● Task:
Leave every picture out and give back the lines below from the first through the line that holds "You will now", exactly as written.

● Entries supplied:

---+---

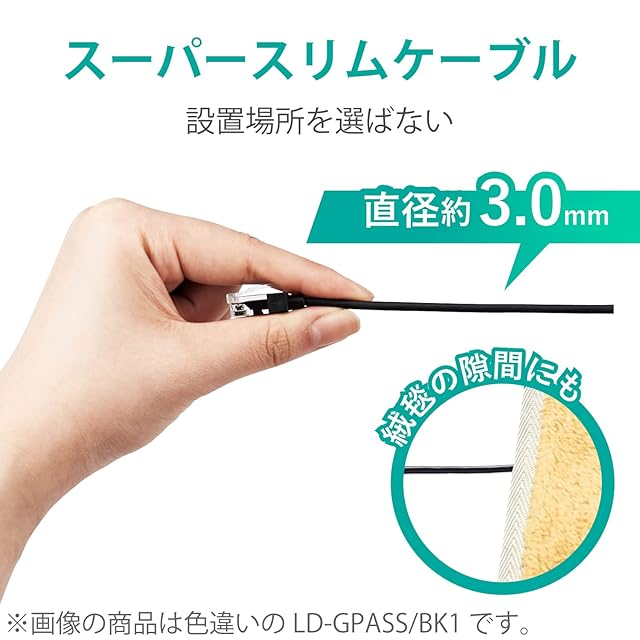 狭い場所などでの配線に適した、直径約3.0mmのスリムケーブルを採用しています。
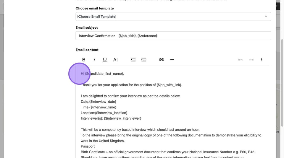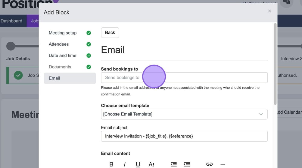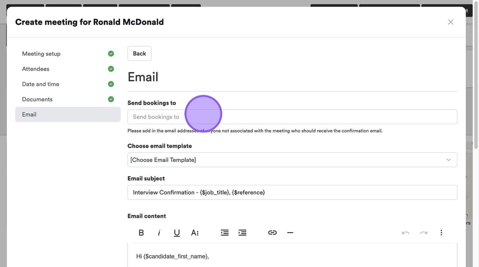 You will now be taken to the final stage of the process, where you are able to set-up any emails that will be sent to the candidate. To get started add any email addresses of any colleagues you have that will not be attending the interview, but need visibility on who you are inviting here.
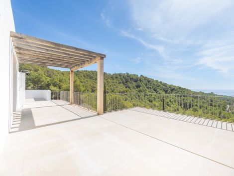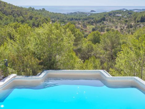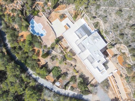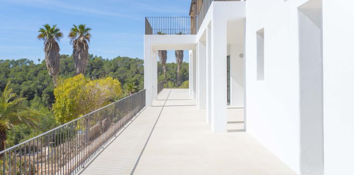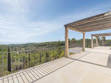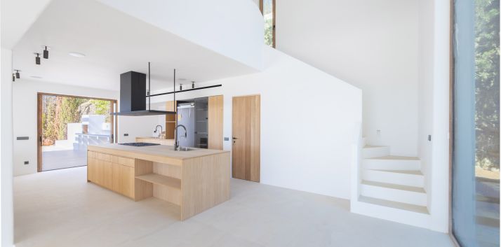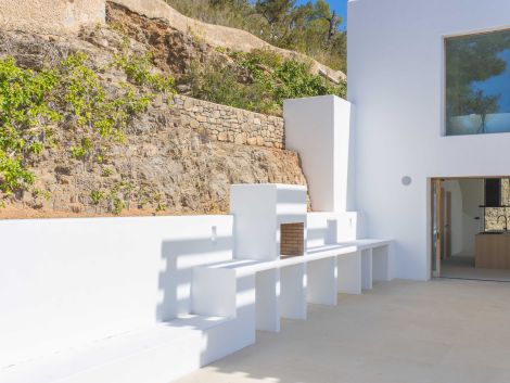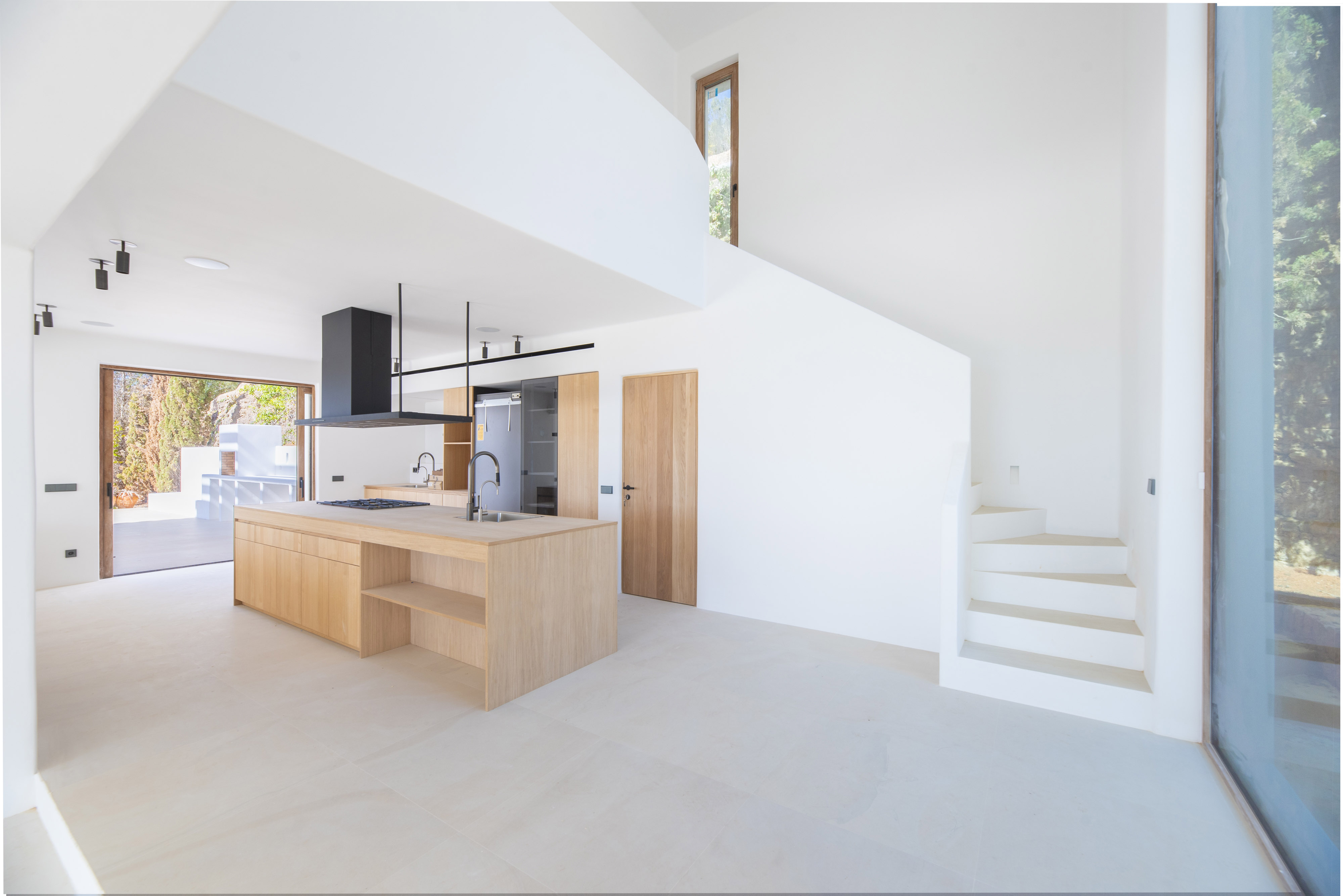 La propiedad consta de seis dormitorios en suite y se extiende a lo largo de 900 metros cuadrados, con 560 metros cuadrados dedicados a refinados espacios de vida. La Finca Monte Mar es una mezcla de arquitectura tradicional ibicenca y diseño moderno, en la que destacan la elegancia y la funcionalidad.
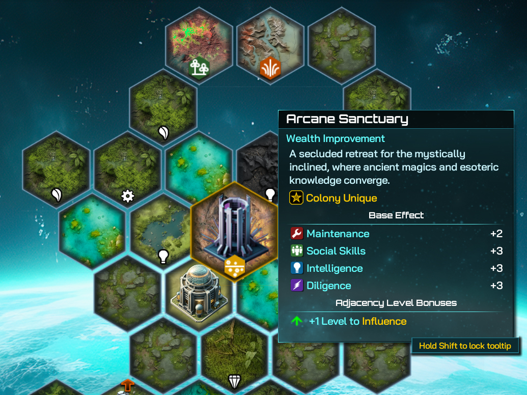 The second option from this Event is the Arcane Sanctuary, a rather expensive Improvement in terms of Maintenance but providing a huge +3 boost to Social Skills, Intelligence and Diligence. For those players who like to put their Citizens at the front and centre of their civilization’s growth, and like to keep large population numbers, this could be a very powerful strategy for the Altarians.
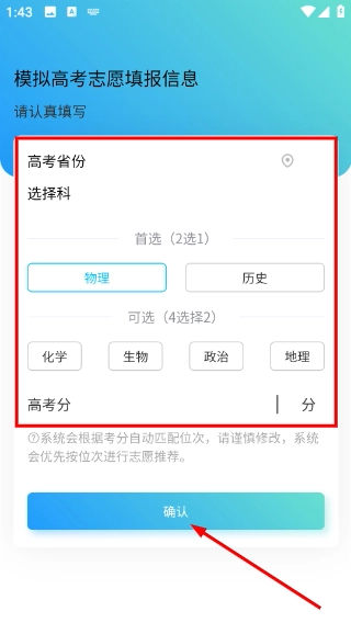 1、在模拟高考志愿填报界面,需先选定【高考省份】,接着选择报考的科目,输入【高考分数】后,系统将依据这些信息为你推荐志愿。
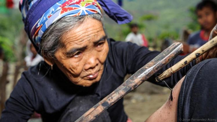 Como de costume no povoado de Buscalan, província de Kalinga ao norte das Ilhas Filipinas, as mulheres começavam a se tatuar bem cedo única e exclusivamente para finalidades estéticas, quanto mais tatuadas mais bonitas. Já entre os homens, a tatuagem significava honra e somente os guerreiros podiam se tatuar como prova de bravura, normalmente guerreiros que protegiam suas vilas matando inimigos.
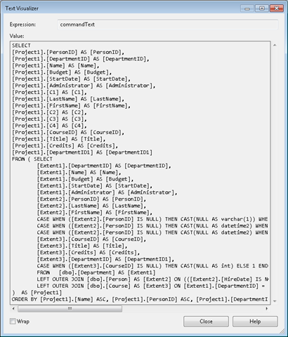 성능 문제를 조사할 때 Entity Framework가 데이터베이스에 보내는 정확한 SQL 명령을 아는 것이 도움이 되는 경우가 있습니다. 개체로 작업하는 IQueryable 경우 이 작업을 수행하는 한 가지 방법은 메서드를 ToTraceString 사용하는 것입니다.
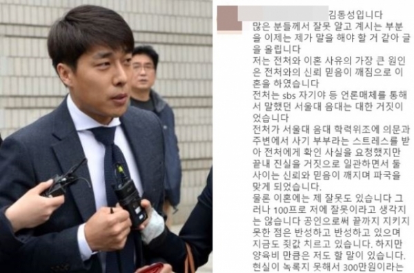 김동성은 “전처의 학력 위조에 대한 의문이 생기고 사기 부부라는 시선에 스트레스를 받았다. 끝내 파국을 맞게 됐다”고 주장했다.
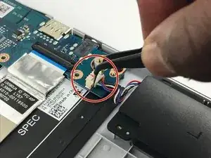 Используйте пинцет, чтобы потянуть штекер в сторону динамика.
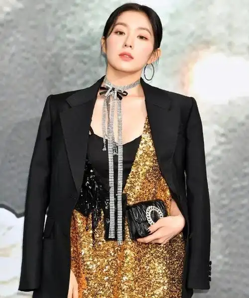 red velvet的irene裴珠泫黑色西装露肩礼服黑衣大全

---+---

● Response to the exercise:
 狭い場所などでの配線に適した、直径約3.0mmのスリムケーブルを採用しています。
 You will now be taken to the final stage of the process, where you are able to set-up any emails that will be sent to the candidate. To get started add any email addresses of any colleagues you have that will not be attending the interview, but need visibility on who you are inviting here.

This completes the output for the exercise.